§ Information provided:
________________
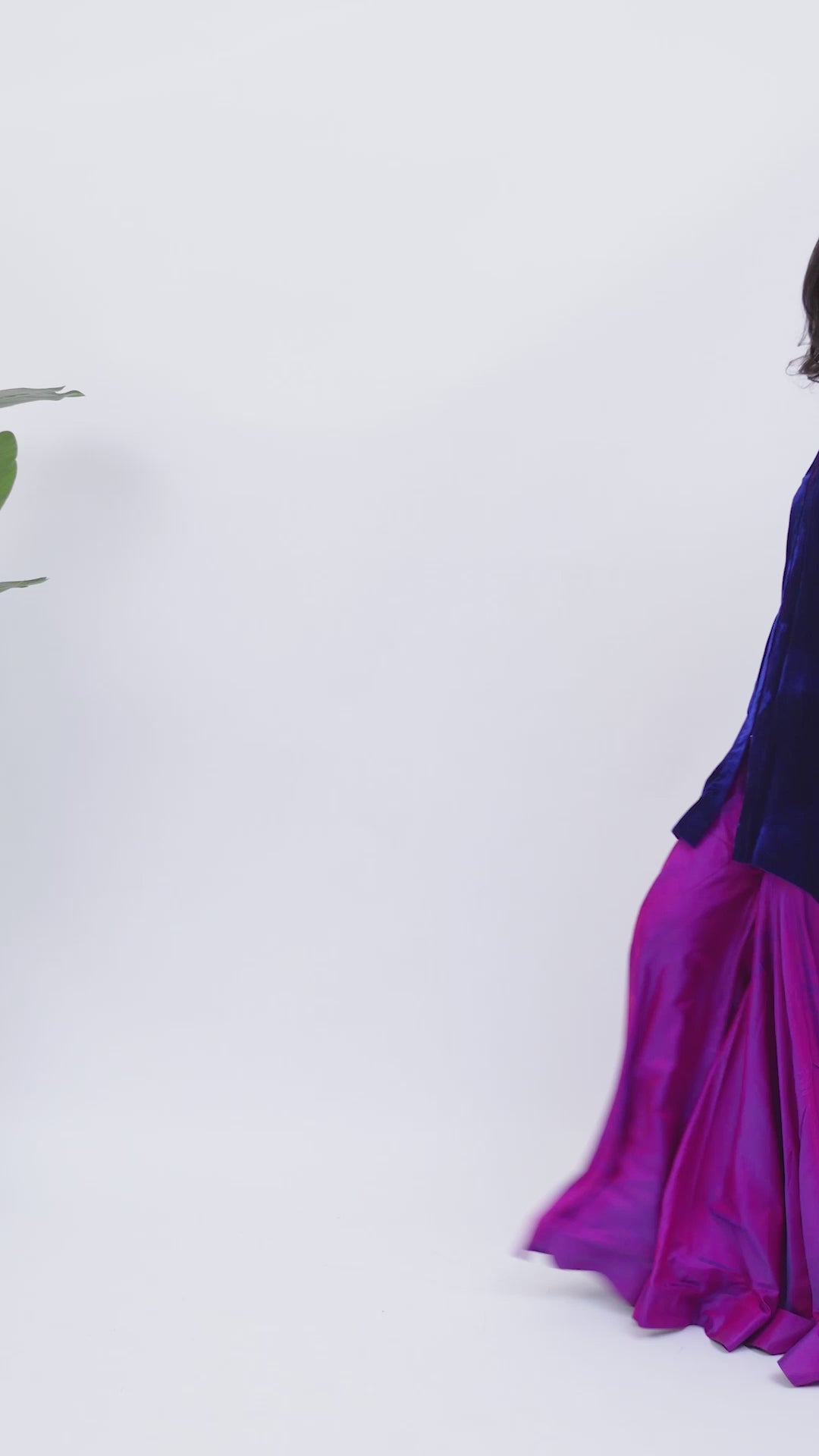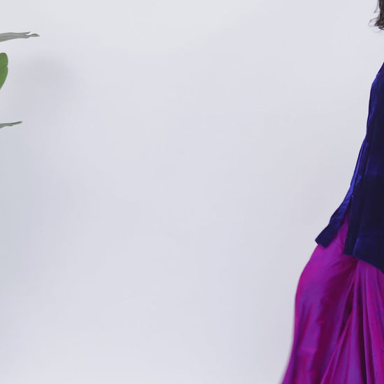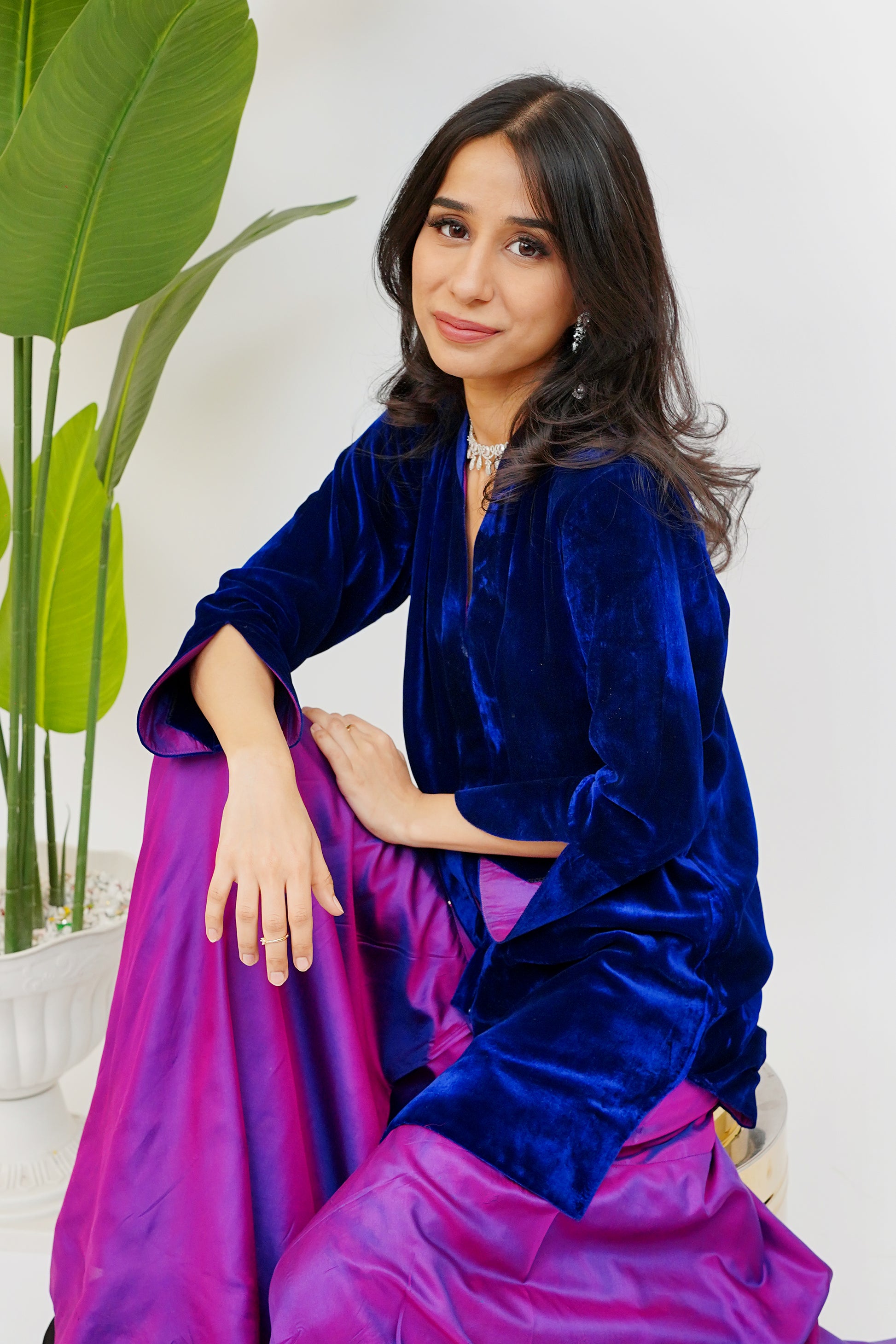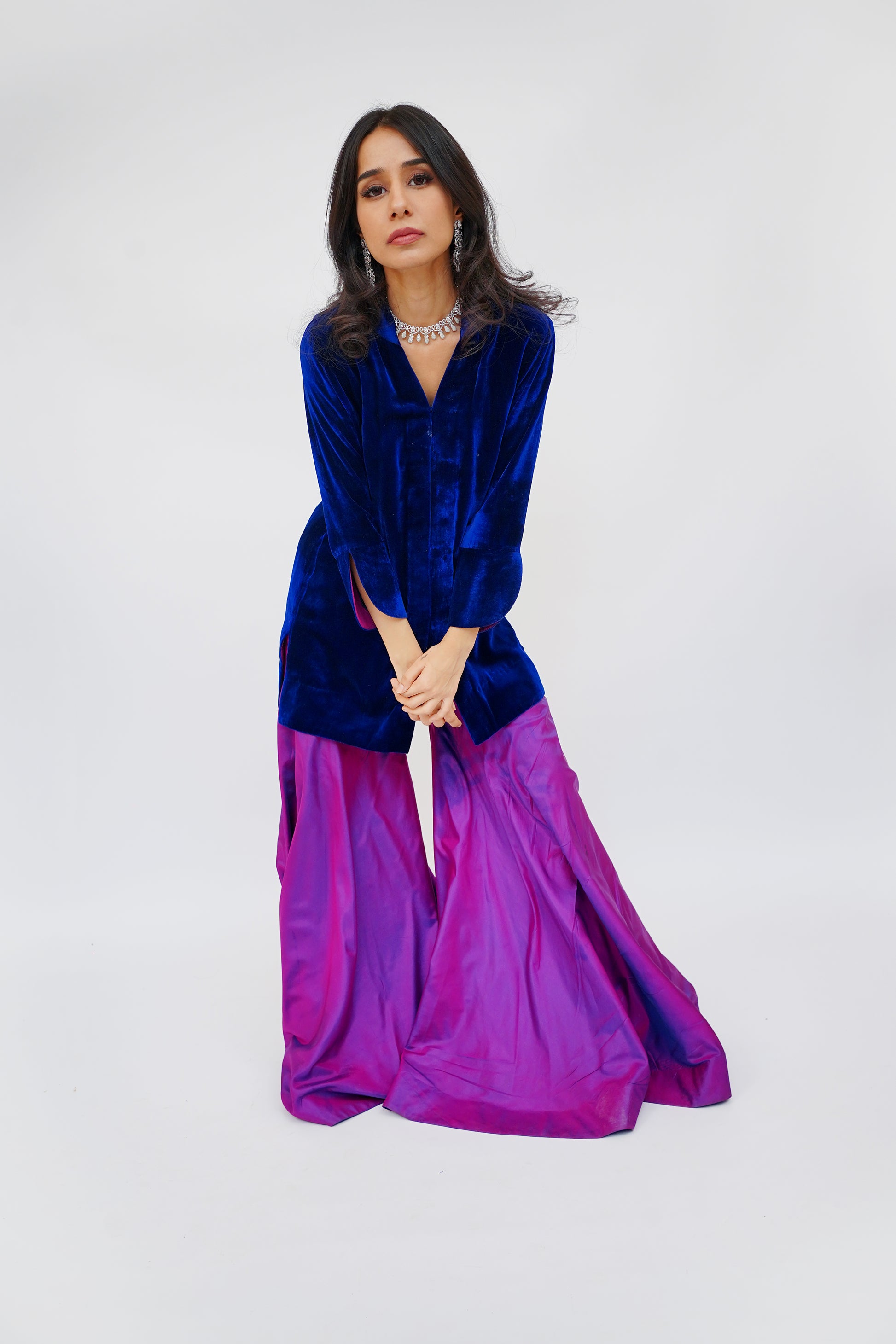 This ensemble exudes rich elegance, the pure velvet shirt is paired with a two-toned gharara that adds dimension and movement. The interplay of textures and hues creates a regal, contemporary silhouette perfect for festive occasions or sophisticated gatherings.
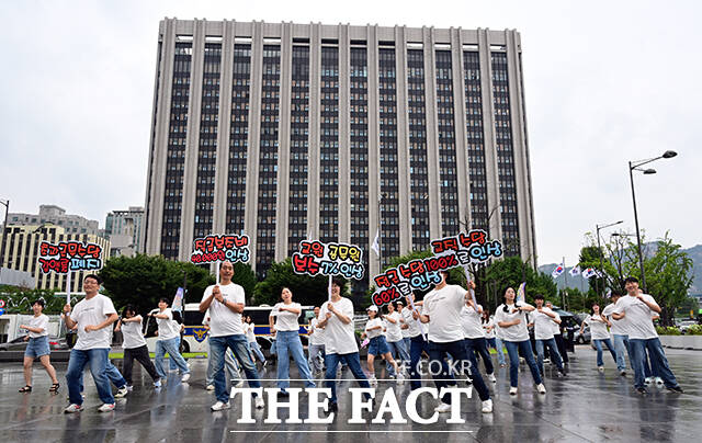 정부서울청사 앞에서 펼쳐진 '공무원 보수 현실화' 촉구 플래시몹 [TF사진관]
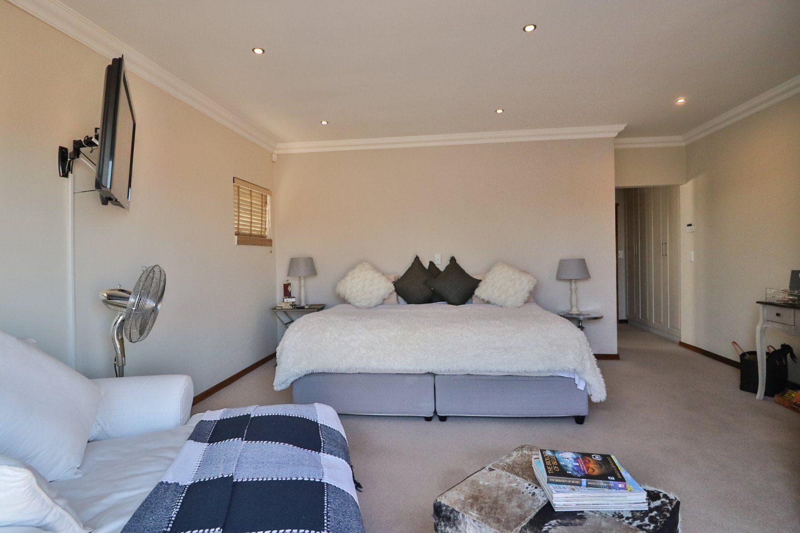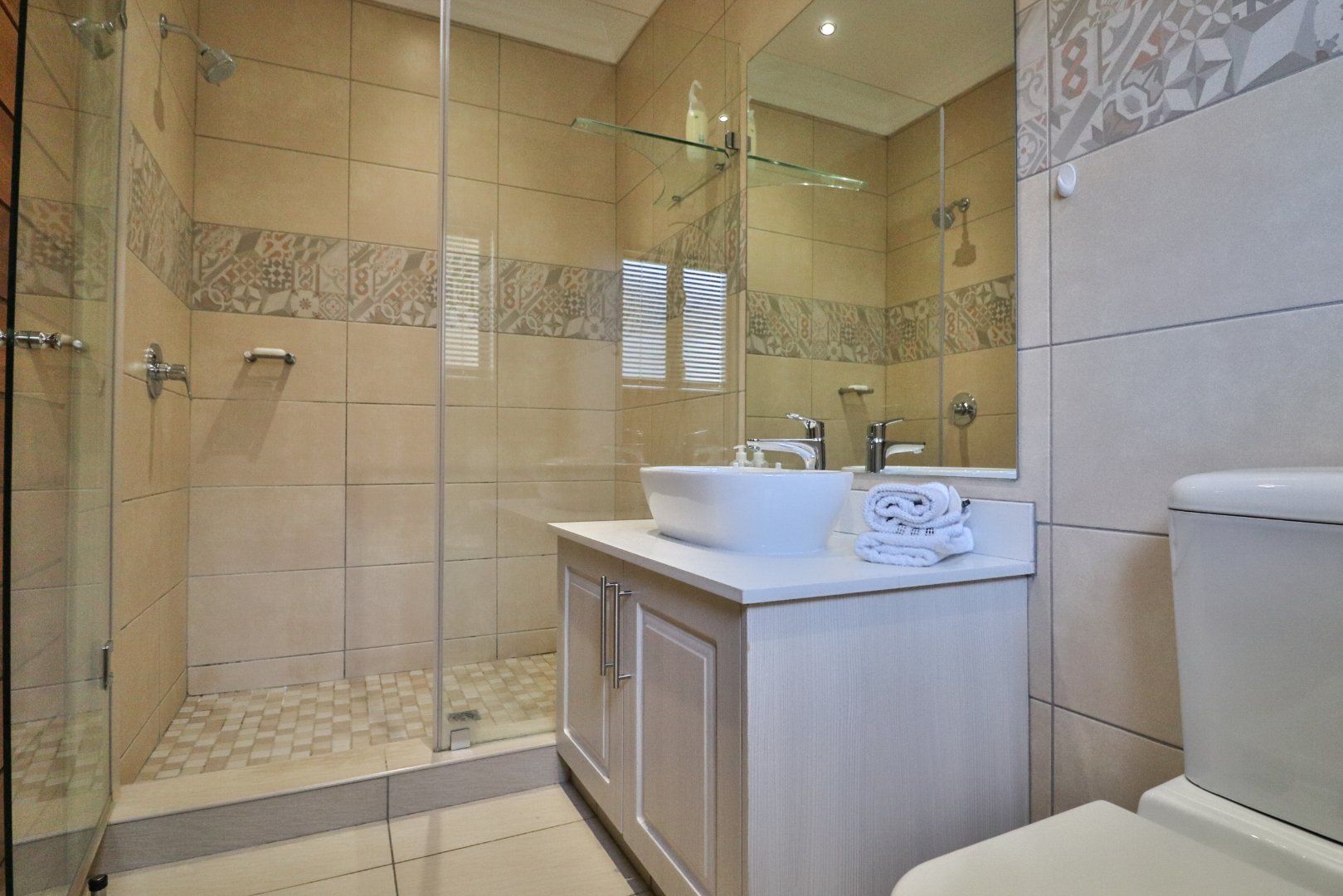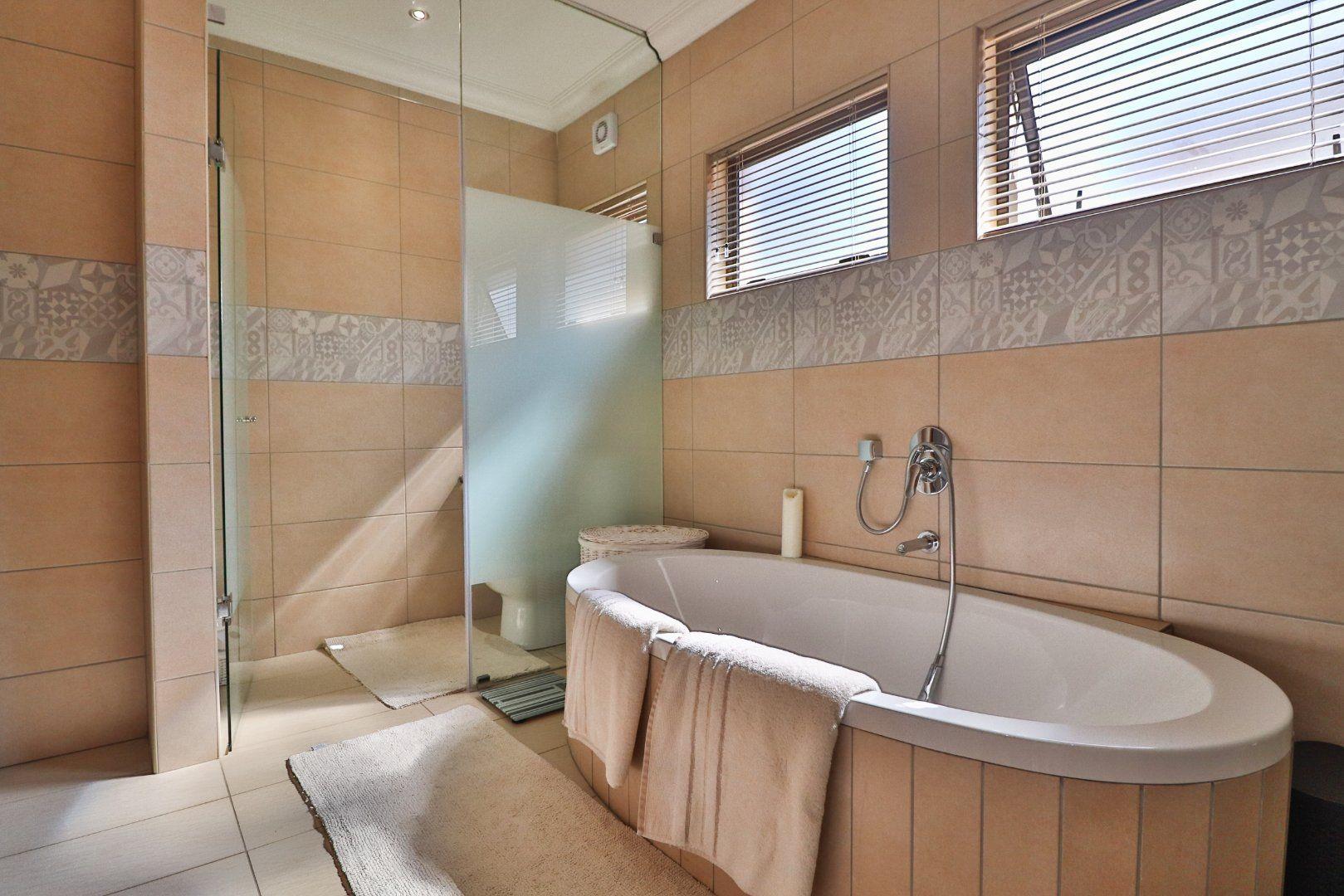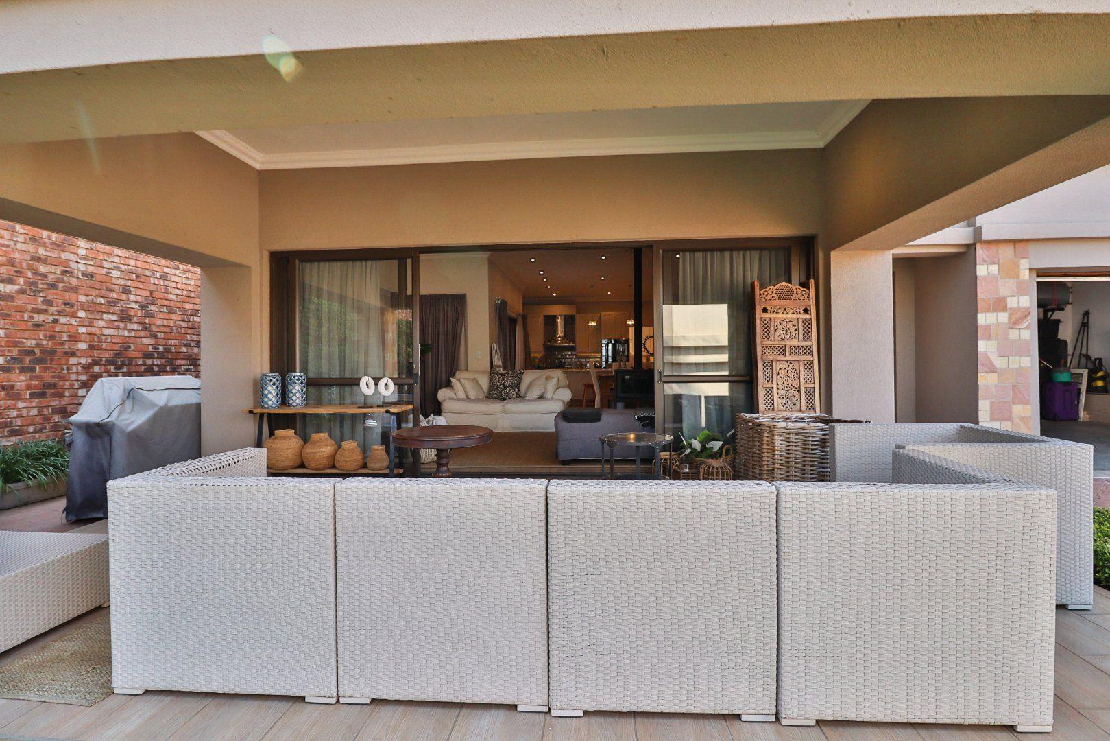 This magnificent cluster is a must see! As you enter this beautiful open-plan home, the reception areas are spacious with the lounge and dining room leading off the open plan kitchen. The lounge leads onto a covered patio. There is a fireplace between the lounge and dining room for those cosy winter evenings. The ultra-modern chefs kitchen design with Caesar stone tops, center island, gas stove and eye level double oven. There is a separate scullery/laundry with space for 3 appliances and a walk in pantry.
________________
Copy the material exactly as written and leave every picture behind.

 This ensemble exudes rich elegance, the pure velvet shirt is paired with a two-toned gharara that adds dimension and movement. The interplay of textures and hues creates a regal, contemporary silhouette perfect for festive occasions or sophisticated gatherings.
 정부서울청사 앞에서 펼쳐진 '공무원 보수 현실화' 촉구 플래시몹 [TF사진관]
 This magnificent cluster is a must see! As you enter this beautiful open-plan home, the reception areas are spacious with the lounge and dining room leading off the open plan kitchen. The lounge leads onto a covered patio. There is a fireplace between the lounge and dining room for those cosy winter evenings. The ultra-modern chefs kitchen design with Caesar stone tops, center island, gas stove and eye level double oven. There is a separate scullery/laundry with space for 3 appliances and a walk in pantry.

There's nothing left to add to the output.